Dans le vieux quartier populaire de Matonge à Kinshasa, dix-huit millions d’habitants, capitale de la République démocratique du Congo, il y a une maison qui accueille des enfants dits sorciers (ndoki), gérée par la Compagnie de Jésus. Ce sont des enfants des rues (bashege), avec une stigmatisation supplémentaire dont ils se convainquent parfois eux-mêmes, comme Shada, qui raconte: «Nayibaka, naza diable, motema mabe, moi je suis pas un pasteur» («Je vole, je suis le diable, j’ai un cœur mauvais, je ne suis pas un pasteur»). Selon l’anthropologue Jourdan, «les enfants sorciers et les enfants soldats sont devenus des figures ordinaires du panorama social: victimes et acteurs dans le même temps, ces nouvelles formes d’enfance, difficile à situer».
Ce sont des enfants accusés d’être sorciers, dont la seule présence est considérée comme la cause des maux de la famille: cancer, perte de travail, sida, séparation. Il est important de souligner que dans diverses traditions locales, une maladie ou un problème ont une base culturelle/relationnelle: une offense aux ancêtres, la violation d’un tabou, des influences négatives de la part d’autres personnes. Dans certains cas, parmi ces autres personnes, il peut y avoir un enfant: son propre enfant. Si les soupçons sont confirmés, on a recours à des pratiques de libération accomplies par des guérisseurs traditionnels ou par des mouvements religieux, appelés «Eglises réveillées ou de réveil», qui sont apparues sur le continent africain au début du xxe siècle. Il existe en effet des groupes «religieux» qui, exploitant la misère, prennent en charge des dizaines d’enfants qu’ils soumettent à une période de quarantaine, de purification physique et rituelle; ils sont ensuite soumis à des interrogatoires, également en présence des parents, suivis d’un moment de confession publique (l’enfant admet avoir mangé des personnes), devant le «pasteur» qui accomplit ensuite un rite de libération.
Dans d’autres cas, il peut arriver que quelqu’un donne de la nourriture «empoisonnée» à l’enfant, qui peut transmettre la sorcellerie (par exemple, quelqu’un offre une mangue, mais en réalité il s’agit de chair humaine sous une apparence camouflée), surtout pour des raisons de kimpela (jalousie). A la fin, si, après le rite de libération, le problème persiste, il ne reste à la famille qu’à éloigner «le mal».

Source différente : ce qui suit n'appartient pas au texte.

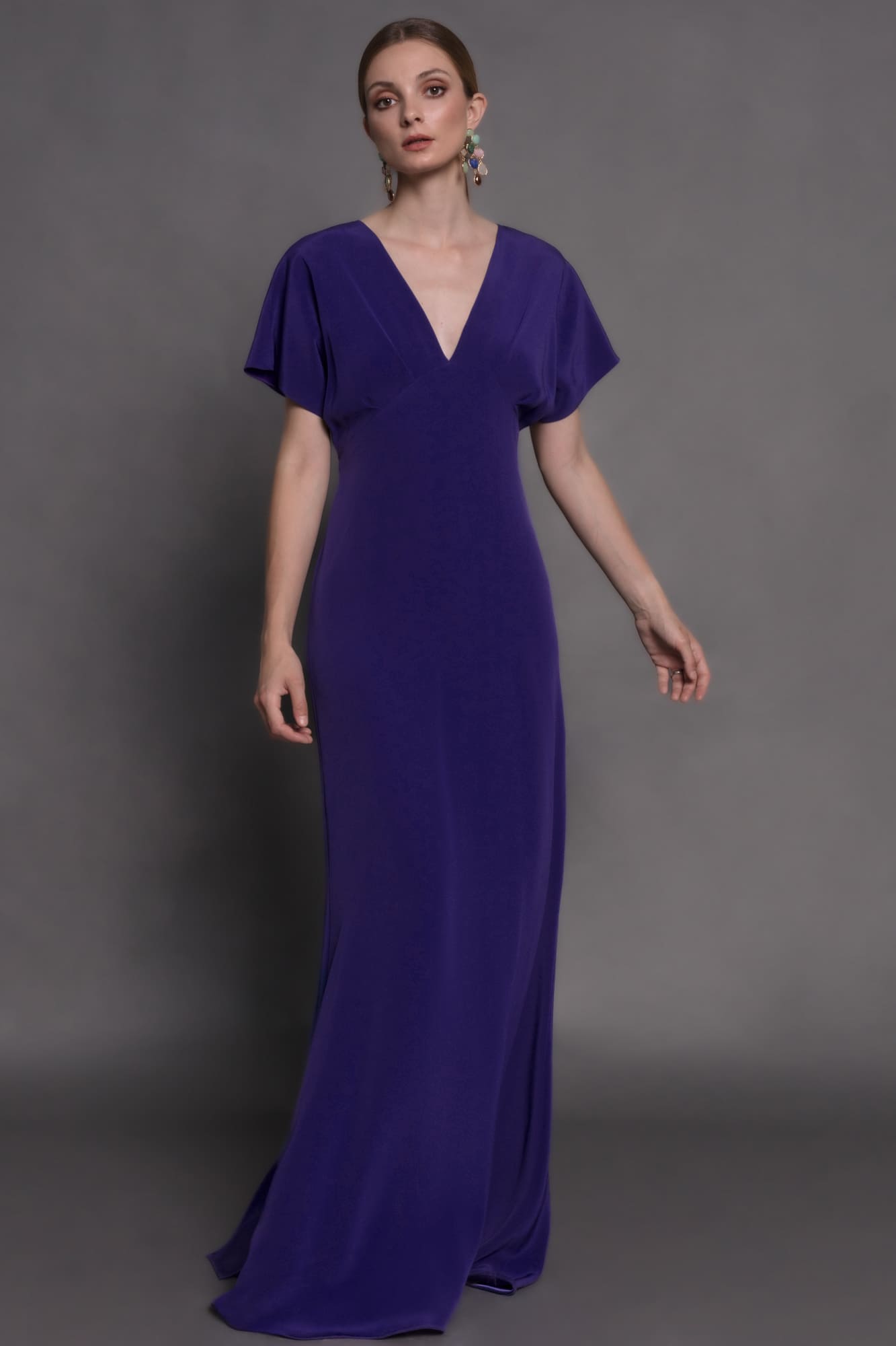 Mangas fluidas tipo mariposa. Esta pieza envuelve la silueta con una caída impecable y un movimiento ligero que realza cada paso. Ideal para bodas de tarde, eventos de gala o cenas especiales, su diseño minimalista y refinado destaca por su capacidad de transformar la sencillez en pura distinción.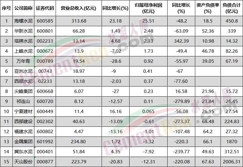 山水水泥、華潤水泥、亞洲水泥一季度業(yè)績下挫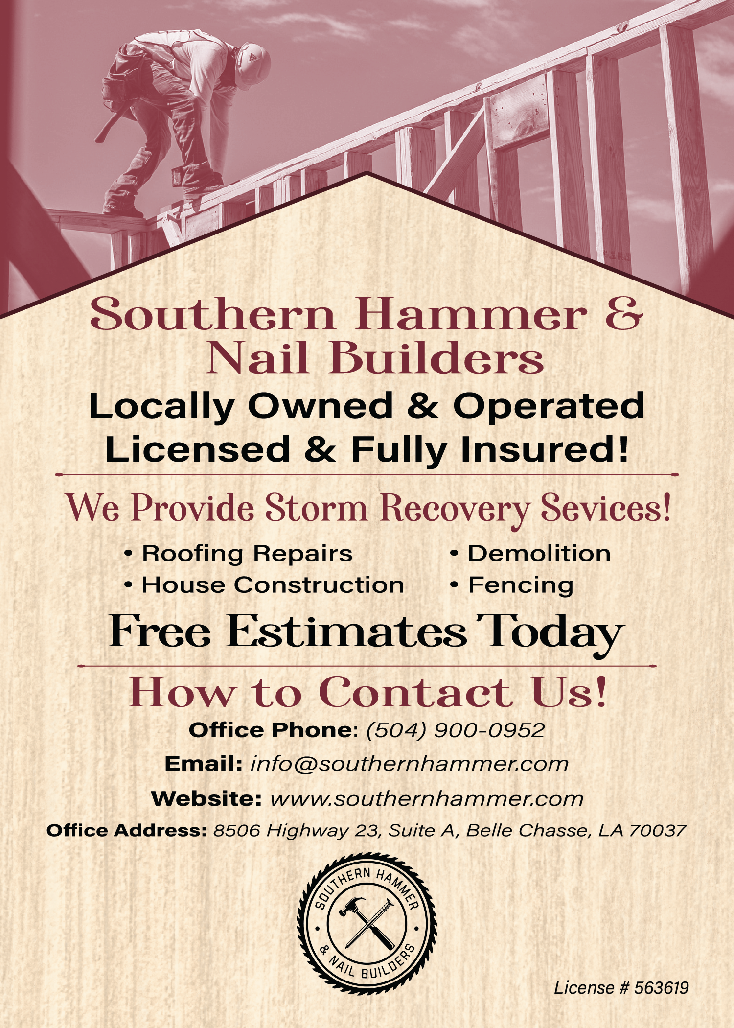 The imapct of hurricane isaac left a mark on New Orleans that the city was all too aware of. Even though it was not as devastating as previous natural disasters the city had faced in the past, many people were left without a home or needing repairs from an affordable local company that they could trust. That is where Southern Hammer & Nail stepped in, and the designs needed to give off a sense of trust using the vast information needed to keep locals informed about what the right steps they should be taking.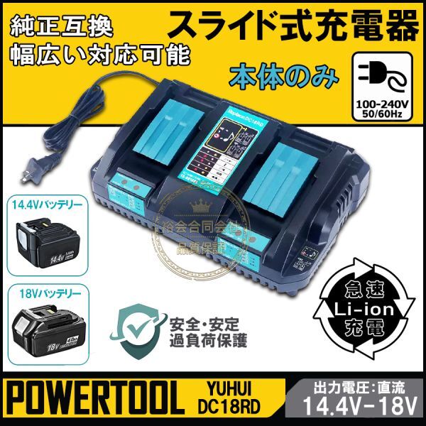 > ★送料無料・30日間保証付き★DC18RD 2口充電 互換充電器 マキタ 14.4v/18v バッテリー充電器 2台同時充電可 急速充電対応 多冷却口設計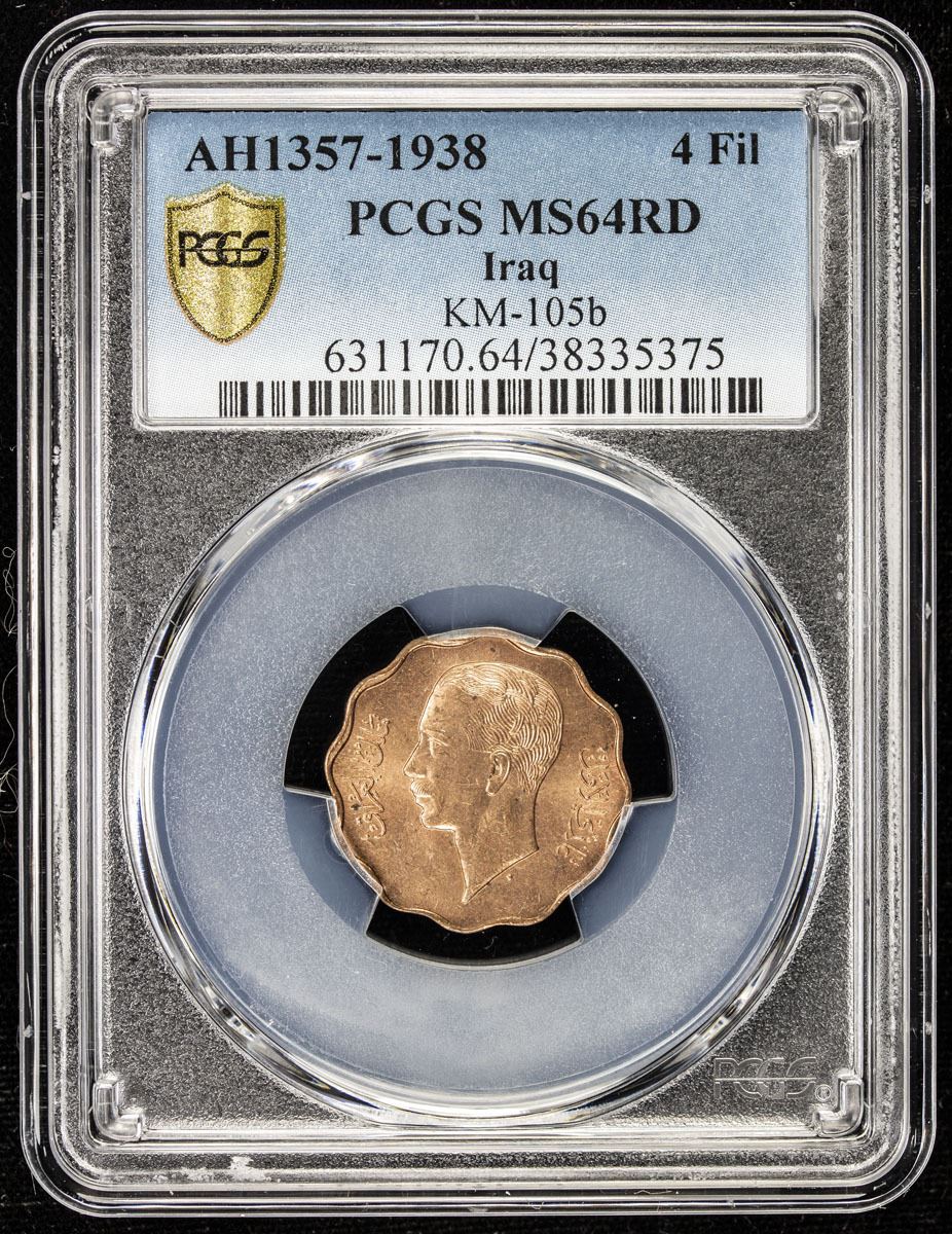 IRAQ: Ghazi I, 1933-1939, AE 4 fils, 1938/AH1357, KM-105b, a superb example! PCGS graded MS64 RD.

C’est pour cette raison que des centaines d’enfants sont abandonnés au destin d’une vie dans la rue, et c’est là que les agents sociaux du Centre Monseigneur Munzihirwa, à Kinshasa, les prennent en charge. Comme l’explique le père Olivier Mushamuka Ziganira, jésuite et responsable de deux centres d’accueil pour enfants, «l’hospitalité est temporaire; notre devoir est de faire comprendre aux familles que l’enfant n’est pas un sorcier, mais un fils. Pendant plusieurs mois, nous nous plongeons dans les histoires tragiques de ces enfants, nous nous battons contre leurs angoisses, leurs peurs, leurs espérances, jusqu’à ce qu’ils atteignent ce lieu que nous appelons tous communément maison».
A partir du jeu, les enfants racontent leurs histoires à travers des dessins, des jeux, des paroles: «La cause de cet abandon est la pauvreté, et les divorces; dans aucune de leurs histoires n’est présent un couple de parents, et parfois, les pères et mères de ces enfants vivent eux aussi dans la rue». Toutefois, il s’agit également d’un phénomène typiquement urbain, qui a connu une accélération avec la croissance des villes: le passage du village à la modernité. Les figures centrales de référence ont été perdues, comme celles du chef du village, en général également guérisseur, sorcier, en mesure d’apporter un soutien et un sens aux événements importants de la vie. De plus, la ville a apporté ce que les anthropologues appellent la «déparentalisation»: le village qui éduque l’enfant est absent et il y a souvent une mère seule et pauvre.
Les enfants de rue et les enfants sorciers sont l’une des conséquences de ce changement: celui qui naît, écrit Henri Collomb, vient de quelque part; dans les villes, on ne sait plus d’où l’on vient ni où l’on va, tout au moins jusqu’à ce que l’on trouve une maison à Matonge.